* INFORMATION PROVIDED *
Start of Block
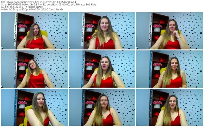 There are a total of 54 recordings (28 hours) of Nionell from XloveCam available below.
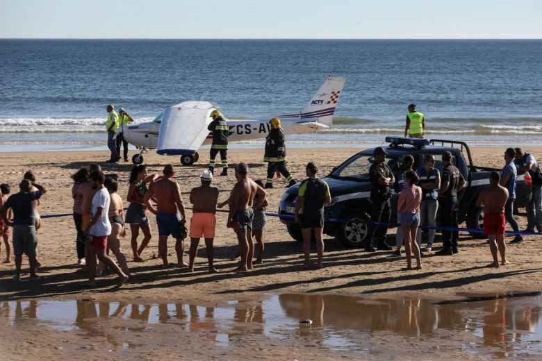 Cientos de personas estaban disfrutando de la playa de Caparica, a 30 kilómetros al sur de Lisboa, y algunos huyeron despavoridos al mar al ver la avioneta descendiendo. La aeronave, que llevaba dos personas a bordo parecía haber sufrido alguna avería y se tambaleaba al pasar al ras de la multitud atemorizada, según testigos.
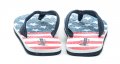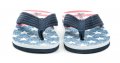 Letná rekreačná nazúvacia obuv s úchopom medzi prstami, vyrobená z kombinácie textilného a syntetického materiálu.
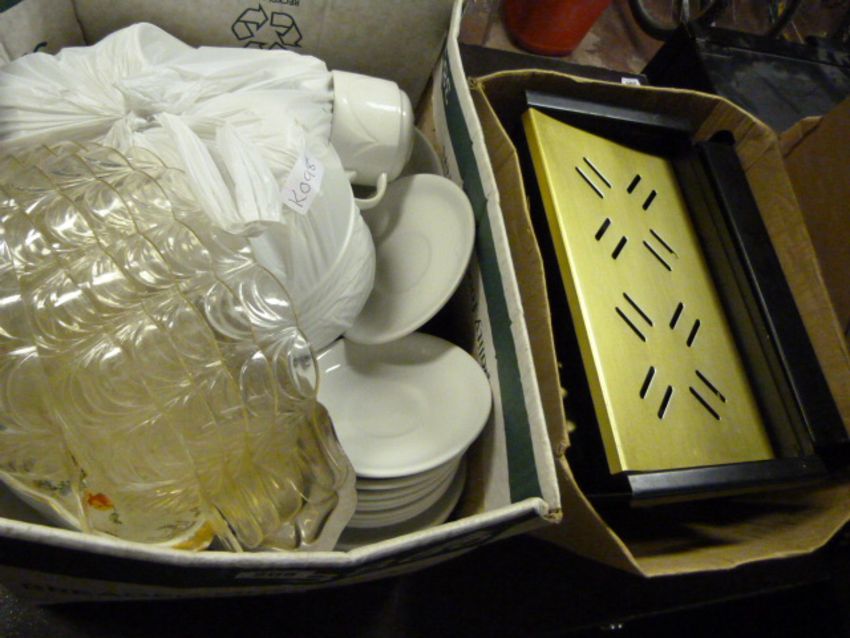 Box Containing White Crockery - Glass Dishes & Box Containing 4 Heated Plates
End of Block
Pictures stay out. Everything else in the listing gets printed exactly.

 There are a total of 54 recordings (28 hours) of Nionell from XloveCam available below.
 Cientos de personas estaban disfrutando de la playa de Caparica, a 30 kilómetros al sur de Lisboa, y algunos huyeron despavoridos al mar al ver la avioneta descendiendo. La aeronave, que llevaba dos personas a bordo parecía haber sufrido alguna avería y se tambaleaba al pasar al ras de la multitud atemorizada, según testigos.
 Letná rekreačná nazúvacia obuv s úchopom medzi prstami, vyrobená z kombinácie textilného a syntetického materiálu.
 Box Containing White Crockery - Glass Dishes & Box Containing 4 Heated Plates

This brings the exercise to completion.